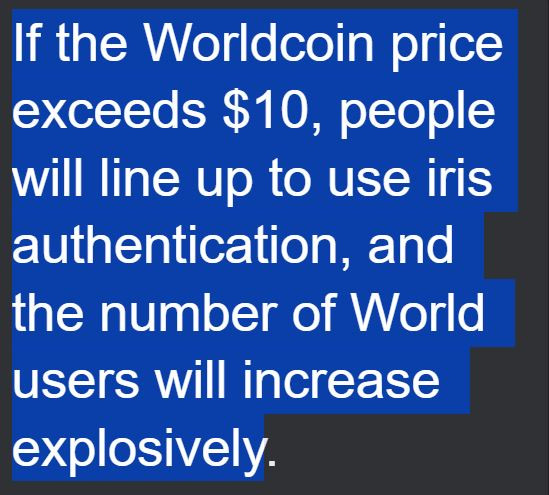 If the Worldcoin price exceeds $10, people will line up to use iris authentication, and the number of World users will increase explosively. 월드코인 가격이 10달러를 넘어가면 홍채인증 하려는 사람들이 줄을 설 것이고 월드 이용자는 폭발적으로 증가하게 된다 사용자의 증가는 월드코인의 지수적 성장을 이끌 것이고 결국 top 5 코인으로 만들계획 2024년 월드코인 폭등 당시 뉴스요약 월드코인 10불 위로 유지되면 홍채인증 존나 줄서고 월드코인 폭등해서 시총 비트코인 넘어서게 될것
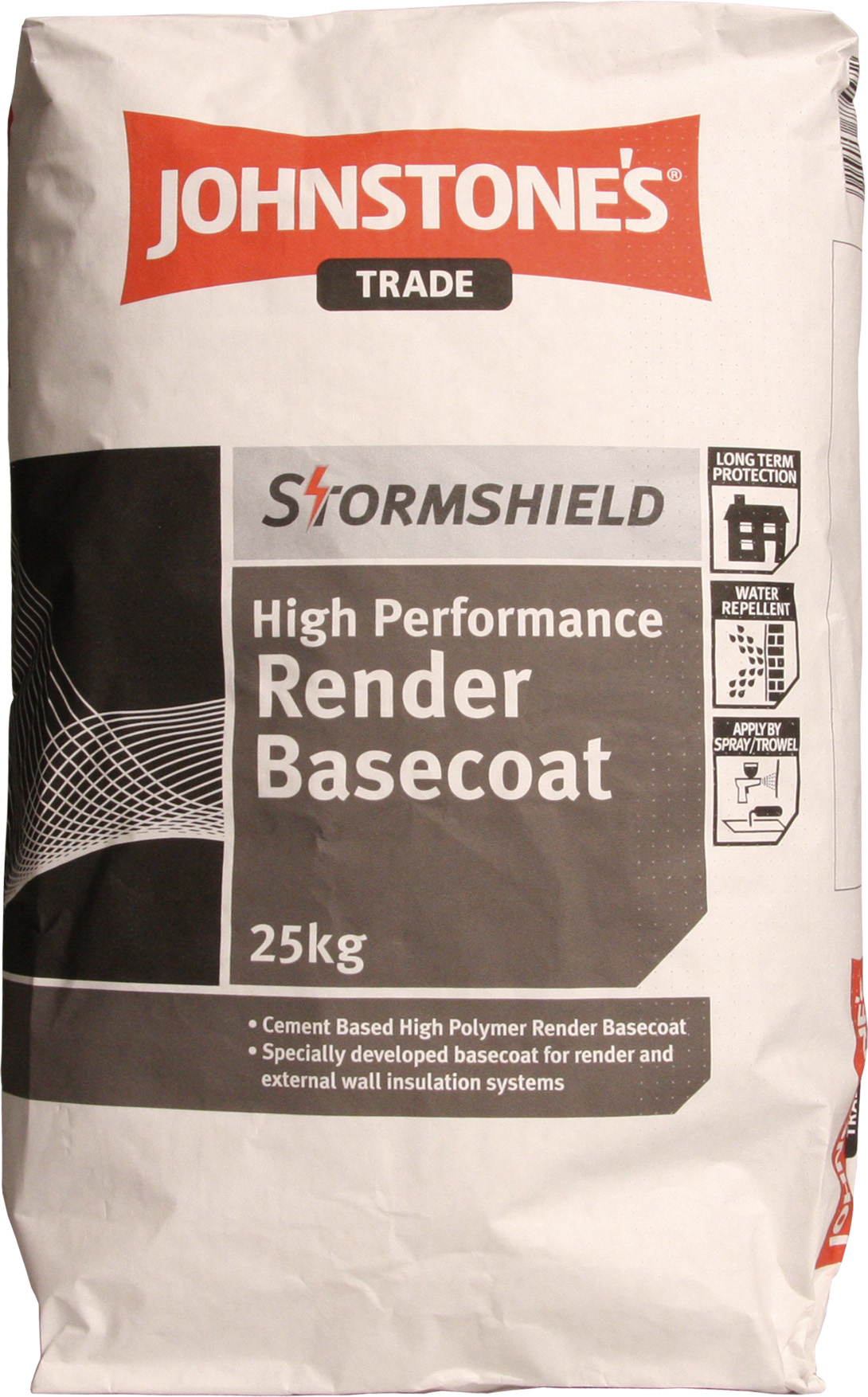 High performance cement based base coat for use with the Johnstone’s Stormshield system. Ideal for use on brick and masonry, rendeboard or insulation. 2.6m2 at 6mm thick / 1.5m2 at 10mm thick per bag. 6m/2 as adhesive
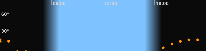 | Aufgang | 18:09 Uhr im Südosten (αAz = 120,6°) |
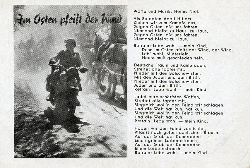 [Above: Postcard entitled 'In the East the Wind Whistles' It begins: 'As soldiers of Adolf Hitler - we march to battle, Eastward let us go...']
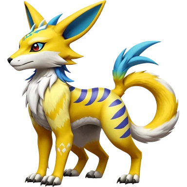 Cool Edgy Shiny Futuristic Ethereal Legendary Zeraora-Digimon-Jolteon-Renamon-Pokemon-hybrid full body emoji
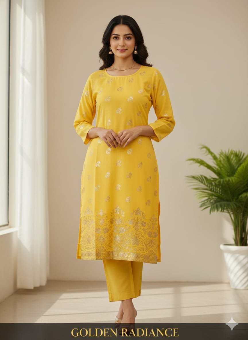 This Yellow Cotton Suit Set is designed for comfort, elegance and everyday style.
********************
* [What you are asked to do]: Transcribe the records verbatim, excluding pictures.

* [Output for this exercise]:
 If the Worldcoin price exceeds $10, people will line up to use iris authentication, and the number of World users will increase explosively. 월드코인 가격이 10달러를 넘어가면 홍채인증 하려는 사람들이 줄을 설 것이고 월드 이용자는 폭발적으로 증가하게 된다 사용자의 증가는 월드코인의 지수적 성장을 이끌 것이고 결국 top 5 코인으로 만들계획 2024년 월드코인 폭등 당시 뉴스요약 월드코인 10불 위로 유지되면 홍채인증 존나 줄서고 월드코인 폭등해서 시총 비트코인 넘어서게 될것
 High performance cement based base coat for use with the Johnstone’s Stormshield system. Ideal for use on brick and masonry, rendeboard or insulation. 2.6m2 at 6mm thick / 1.5m2 at 10mm thick per bag. 6m/2 as adhesive
 | Aufgang | 18:09 Uhr im Südosten (αAz = 120,6°) |
 [Above: Postcard entitled 'In the East the Wind Whistles' It begins: 'As soldiers of Adolf Hitler - we march to battle, Eastward let us go...']
 Cool Edgy Shiny Futuristic Ethereal Legendary Zeraora-Digimon-Jolteon-Renamon-Pokemon-hybrid full body emoji
 This Yellow Cotton Suit Set is designed for comfort, elegance and everyday style.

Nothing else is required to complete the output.